Begin with the first line below and retype each line exactly through the line containing "Букет эустомы белой и лавандовой". Any pictures are to be left out.

▶ **Items listed in a dataset**
::::::::

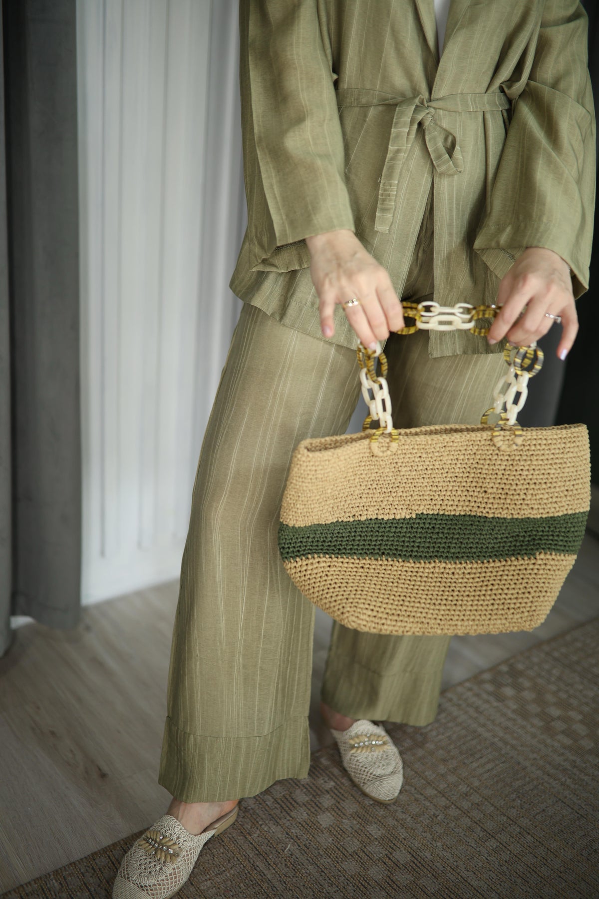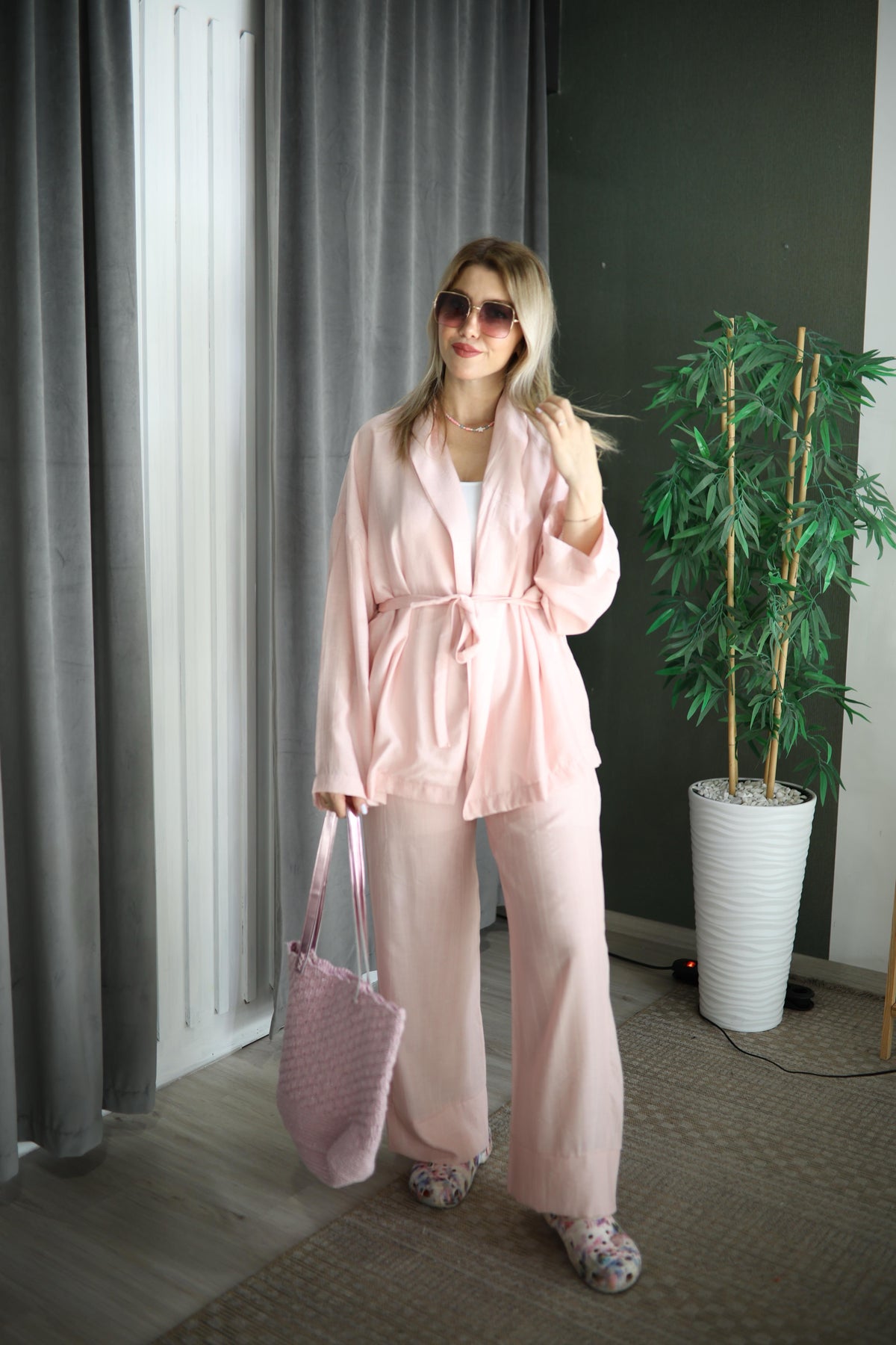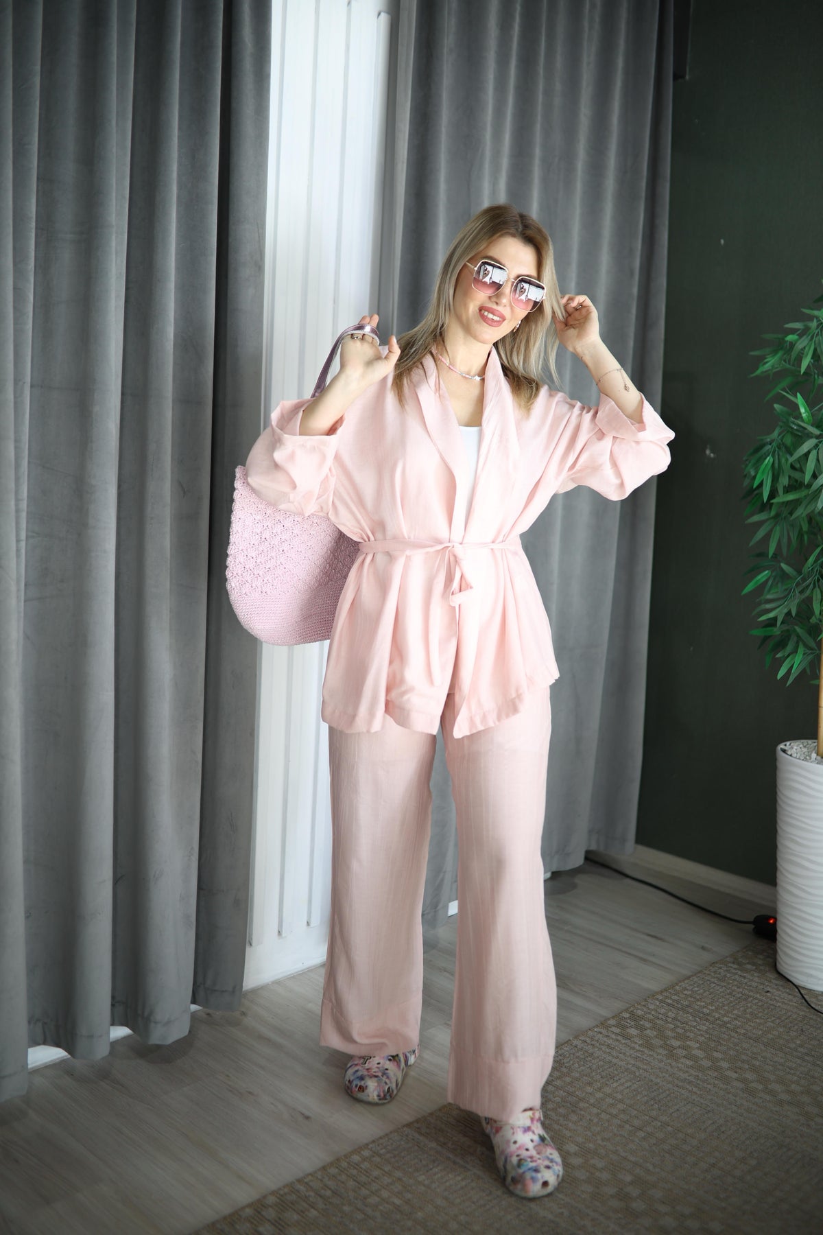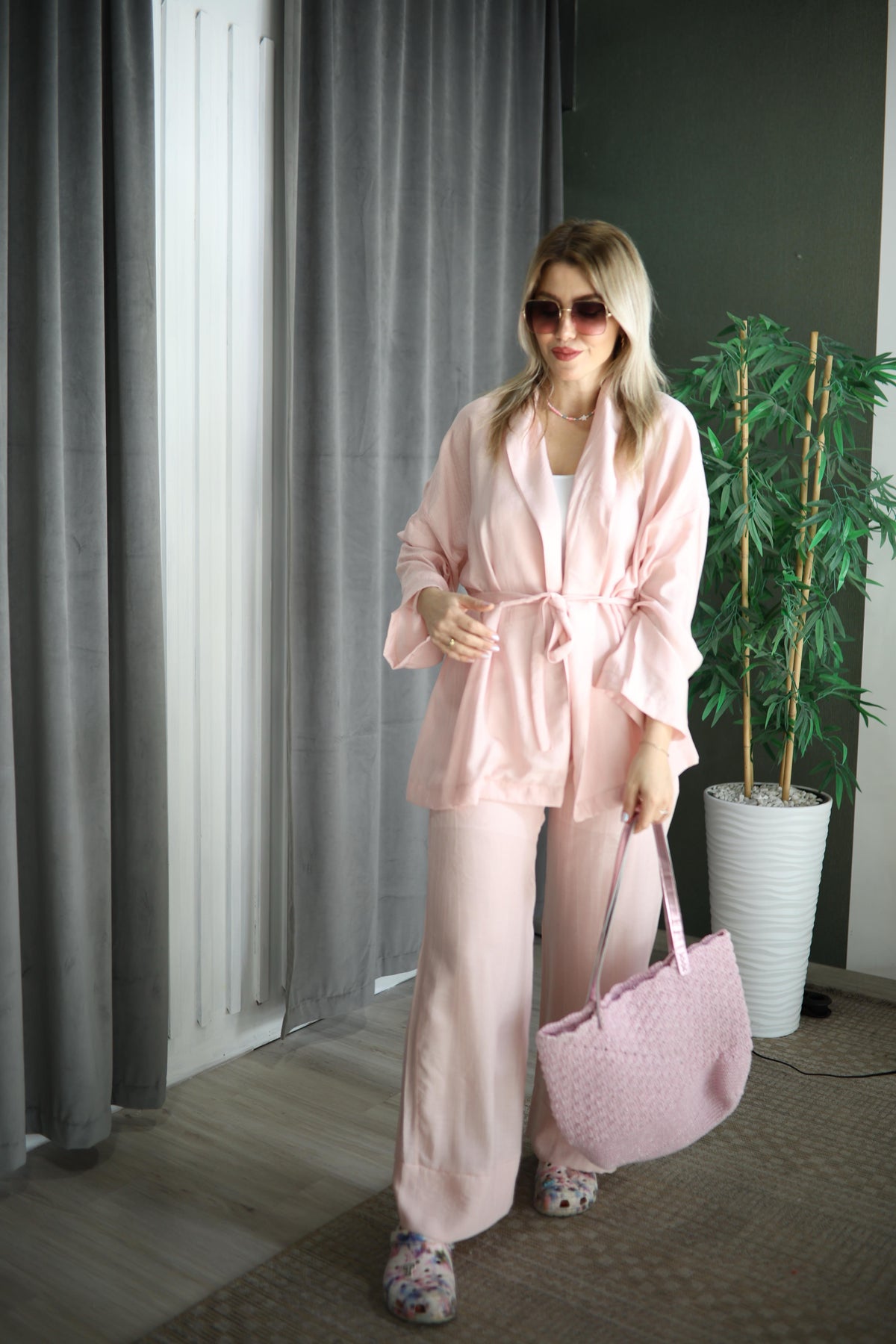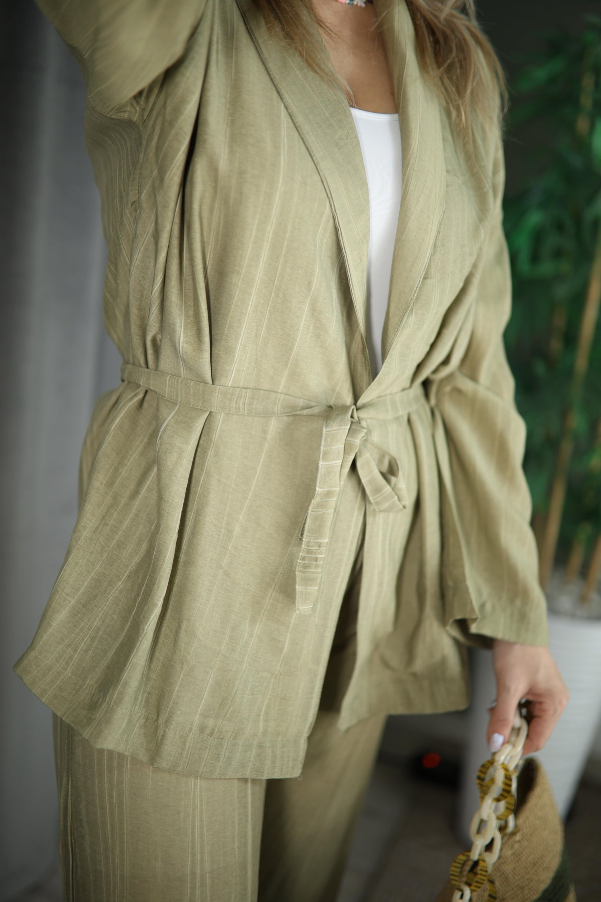 TENCEL ÇİZGİLİ PARÇA BOYAMA KİMONO TAKIM
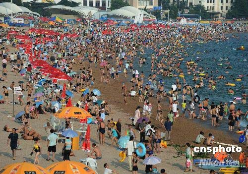 青島第一海水浴場游泳的游人爆滿。經(jīng)過一個多月的全力奮戰(zhàn),困擾2008北京奧運會帆船賽舉辦地青島的近海滸苔已得到了有效的清除和遏制,奧帆賽訓練比賽場地和海水浴場又恢復了往日的熱鬧景象。中新社發(fā) 曲連遵 攝
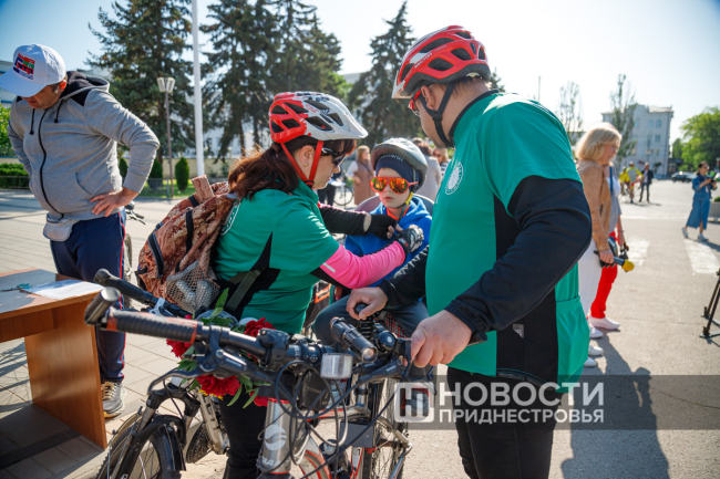 Бендеры, 4 мая. /Новости Приднестровья/. На бендерской площади Освобождения сегодня утром стартовал велопробег по местам воинской славы. Путь длиною в 15 километров преодолевали около 500 человек в память о героях Великой Отечественной войны.
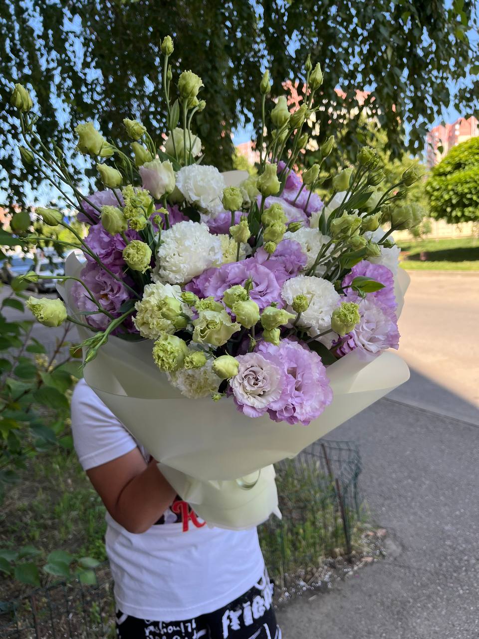 Букет эустомы белой и лавандовой
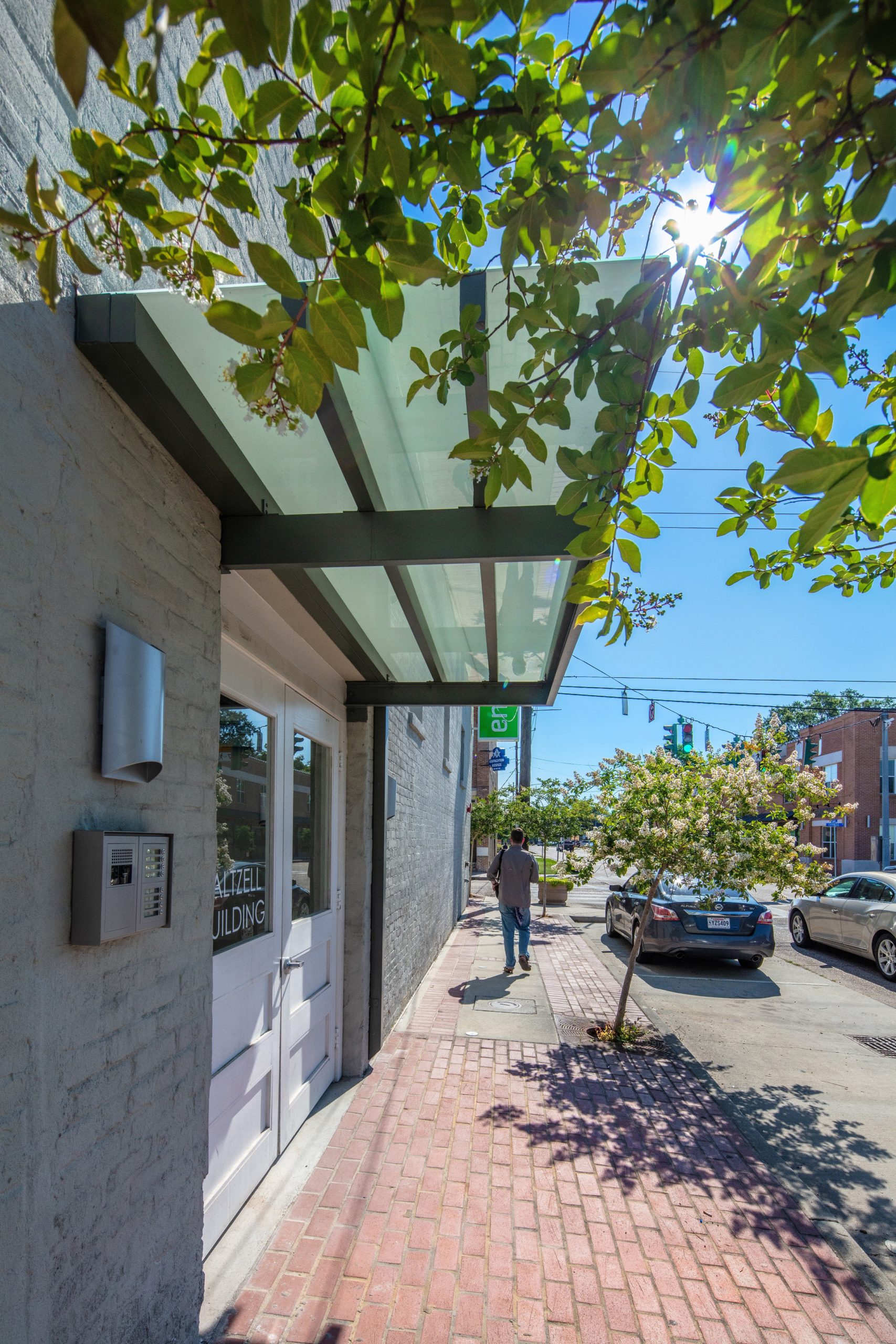 With the new renovation to the Baltzell Building, the fourth bay was restored to its original character, which included reconstructing the storefront windows, canopy, and the brick masonry wall above. The original cast-iron columns in the fourth bay were salvaged after the fire and were restored and reinstalled as well. Reconstructing the façade of the fourth bay completes the building’s edge along Cypress Street.
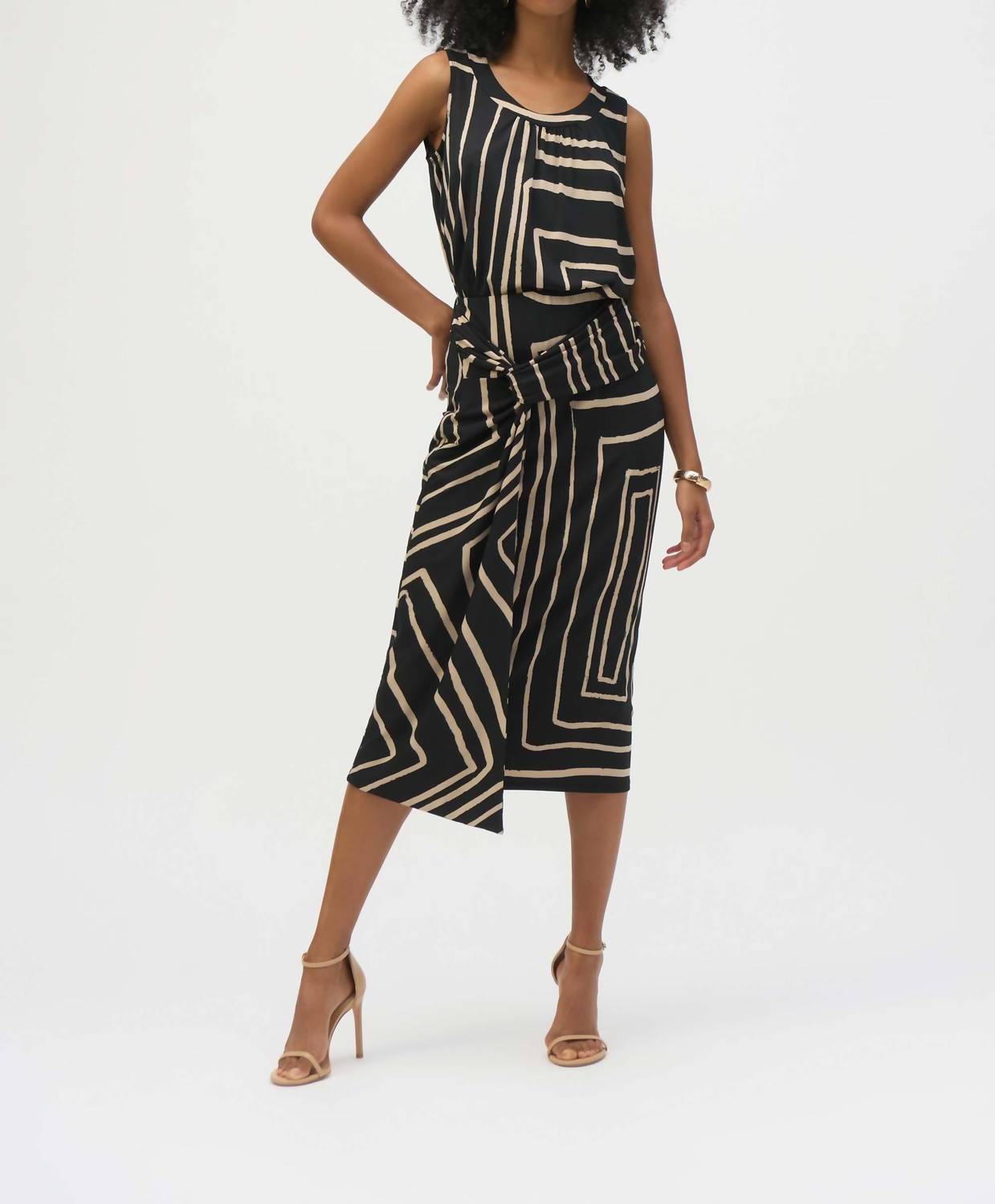 Show off just the right amount of skin in this beautifuly designed midi length skirt. Introducing the Silky Knit Geometric Print Pencil Skirt by Joseph Ribkoff, a standout piece in black and beige perfect for the modern woman. This midi skirt features a wrap design with knotted and ruched details, transitioning seamlessly from casual office wear to elegant dinner occasions. Made from 95% Polyester and 5% Spandex for a comfortable fit, it boasts an elastic waist for a flattering look. This Canadian-made skirt is a pull-on style, easy to care for with hand wash and line dry instructions.

::::::::

▶ **SOLUTION FOR THIS TASK**
 TENCEL ÇİZGİLİ PARÇA BOYAMA KİMONO TAKIM
 青島第一海水浴場游泳的游人爆滿。經(jīng)過一個多月的全力奮戰(zhàn),困擾2008北京奧運會帆船賽舉辦地青島的近海滸苔已得到了有效的清除和遏制,奧帆賽訓練比賽場地和海水浴場又恢復了往日的熱鬧景象。中新社發(fā) 曲連遵 攝
 Бендеры, 4 мая. /Новости Приднестровья/. На бендерской площади Освобождения сегодня утром стартовал велопробег по местам воинской славы. Путь длиною в 15 километров преодолевали около 500 человек в память о героях Великой Отечественной войны.
 Букет эустомы белой и лавандовой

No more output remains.